La troisième réponse à la question « pourquoi travailler ? », enfin, est celle de notre époque. C’est celle qui refuse le découragement, le pessimisme historique (qui est aussi facile et illusoire que l’optimisme historique béat). Cette réponse est celle-ci : nous devons travailler pour réparer les dégâts causés par le travail humain. La situation de l’homme dans le monde naturel est complexe : il doit tenir compte non seulement de ce qu’il souhaite obtenir, mais de tous les effets pervers de son action, c’est-à-dire de tous les effets imprévus et négatifs, que cause son action sur le monde. Nous avons atteint aujourd’hui, au XXIe siècle, ce que l’on pourrait appeler le stade réflexif du travail : nous ne pouvons plus travailler sans réfléchir sur notre travail lui-même, sur les conséquences qu’il peut avoir sur nous, sur l’ensemble de la nature (les autres espèces vivantes) et sur nos descendants.

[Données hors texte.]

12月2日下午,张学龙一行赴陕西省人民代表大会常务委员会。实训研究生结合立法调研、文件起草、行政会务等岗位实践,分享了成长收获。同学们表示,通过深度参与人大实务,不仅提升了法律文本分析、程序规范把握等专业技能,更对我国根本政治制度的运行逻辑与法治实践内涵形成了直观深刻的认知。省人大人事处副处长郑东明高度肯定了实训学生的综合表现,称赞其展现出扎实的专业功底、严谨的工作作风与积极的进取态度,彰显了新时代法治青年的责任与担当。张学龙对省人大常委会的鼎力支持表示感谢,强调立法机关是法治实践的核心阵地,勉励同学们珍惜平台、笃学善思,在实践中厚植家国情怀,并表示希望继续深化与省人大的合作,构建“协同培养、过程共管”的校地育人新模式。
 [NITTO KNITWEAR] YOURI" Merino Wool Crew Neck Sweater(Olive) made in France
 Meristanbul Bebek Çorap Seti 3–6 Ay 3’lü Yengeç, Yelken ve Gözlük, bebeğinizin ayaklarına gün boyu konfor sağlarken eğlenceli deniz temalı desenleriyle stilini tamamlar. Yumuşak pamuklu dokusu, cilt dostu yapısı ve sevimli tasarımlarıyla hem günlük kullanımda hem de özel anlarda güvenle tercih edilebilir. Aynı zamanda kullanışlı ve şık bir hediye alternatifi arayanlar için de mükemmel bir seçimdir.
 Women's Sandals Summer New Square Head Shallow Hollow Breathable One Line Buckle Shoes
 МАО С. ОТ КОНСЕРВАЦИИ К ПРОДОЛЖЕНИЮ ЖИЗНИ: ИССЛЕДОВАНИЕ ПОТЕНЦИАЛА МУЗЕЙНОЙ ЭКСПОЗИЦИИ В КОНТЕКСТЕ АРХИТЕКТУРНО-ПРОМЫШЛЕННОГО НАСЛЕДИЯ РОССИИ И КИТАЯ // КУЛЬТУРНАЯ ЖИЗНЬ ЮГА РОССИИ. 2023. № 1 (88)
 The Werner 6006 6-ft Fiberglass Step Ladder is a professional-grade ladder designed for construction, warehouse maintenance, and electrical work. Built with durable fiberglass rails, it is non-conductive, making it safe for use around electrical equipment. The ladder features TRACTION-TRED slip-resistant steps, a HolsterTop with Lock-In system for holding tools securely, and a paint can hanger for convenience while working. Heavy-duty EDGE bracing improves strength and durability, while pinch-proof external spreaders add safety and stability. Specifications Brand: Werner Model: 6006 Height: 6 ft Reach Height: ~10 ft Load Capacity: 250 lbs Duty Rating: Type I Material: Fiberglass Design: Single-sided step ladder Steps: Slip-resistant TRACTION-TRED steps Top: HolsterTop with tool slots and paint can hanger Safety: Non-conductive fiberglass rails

Je résumerai tout cela en disant que le travail est, plus que jamais, une valeur pour l’homme. Mais si l’on peut dire cela, ce n’est plus comme on le disait au XIXe siècle, quand on chantait les louanges du travail d’une manière encore naïve. Nous sommes aujourd’hui déniaisés, en quelque sorte. Nous pouvons dire que le travail est une valeur fondamentale sans oublier l’esclavage, le servage, l’exploitation, le travail des enfants, les camps de travail, les dégâts causés à l’environnement… Il y a une formule d’un philosophe et homme politique italien, Antonio Gramsci, que j’aime beaucoup, et qui me semble s’appliquer à notre question : nous devons cultiver « le pessimisme de l’intelligence et l’optimisme de la volonté ».


[1] Cette empreinte est mesurée en hectares par habitant nécessaires pour produire les ressources consommées par lui et pour absorber ses déchets et pollutions.

[2] L’intensité énergétique mesure le rapport du PIB à la consommation d’énergie, rapport qui vous le savez a baissé dans les pays occidentaux depuis 20 ans : il faut moins de consommation d’énergie pour un point de croissance. Une grande spécialiste de l’économie du développement, Sylvie Brunel, écrit par exemple : « des réserves de production considérables existent, autant en augmentant les rendements… qu’en étendant les surfaces cultivées…La planète est parfaitement capable de nourrir une population qui ne doublera plus jamais. Elle est en réalité loin d’avoir atteint sa capacité de charge » (A qui profite le développement durable ?).